Single by Delirious?

from the album Mezzamorphis
- Released: 21 February 2000
- Recorded: 1999
- Genre: Rock, Christian rock
- Length: 4 m 08 s
- Label: Furious? Records
- Songwriters: Martin Smith Stuart Garrard
- Producer: Delirious?

Delirious? singles chronology
| "See The Star" (1999) | "It's OK" (2000) | "Waiting for the Summer" (2001) |

= It's OK (Delirious? song) =

2000 single by Delirious?

"It's OK" is the second UK single from and the fifth track on Delirious?'s second album, Mezzamorphis. It was released on 21 February 2000, reaching No. 18 in the UK Singles Charts and No. 3 in the indie section.
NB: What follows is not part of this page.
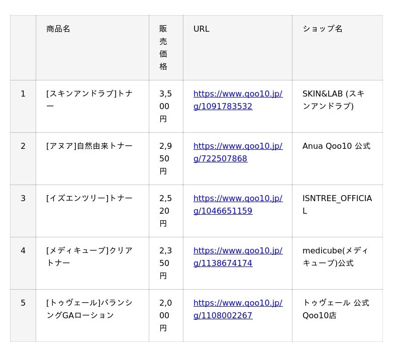 Qoo10(https://www.qoo10.jp/)サイト上、「化粧水」「リップメイク」「アイシャドウ」「チーク」カテゴリーの公式ショップ各販売個数に基づいたランキングです。

In its second week, it stayed inside the top 75, dropping to No. 63 in the main charts and No. 11 in the indies.

Musically, the song itself is a rock ballad, featuring a brass band from The Salvation Army. Lyrically, it documents the redemptive journey of a girl facing great difficulties. It was met with some criticism within the American-Christian community because of the line "She's as pretty as hell." in addition to references of drinking wine.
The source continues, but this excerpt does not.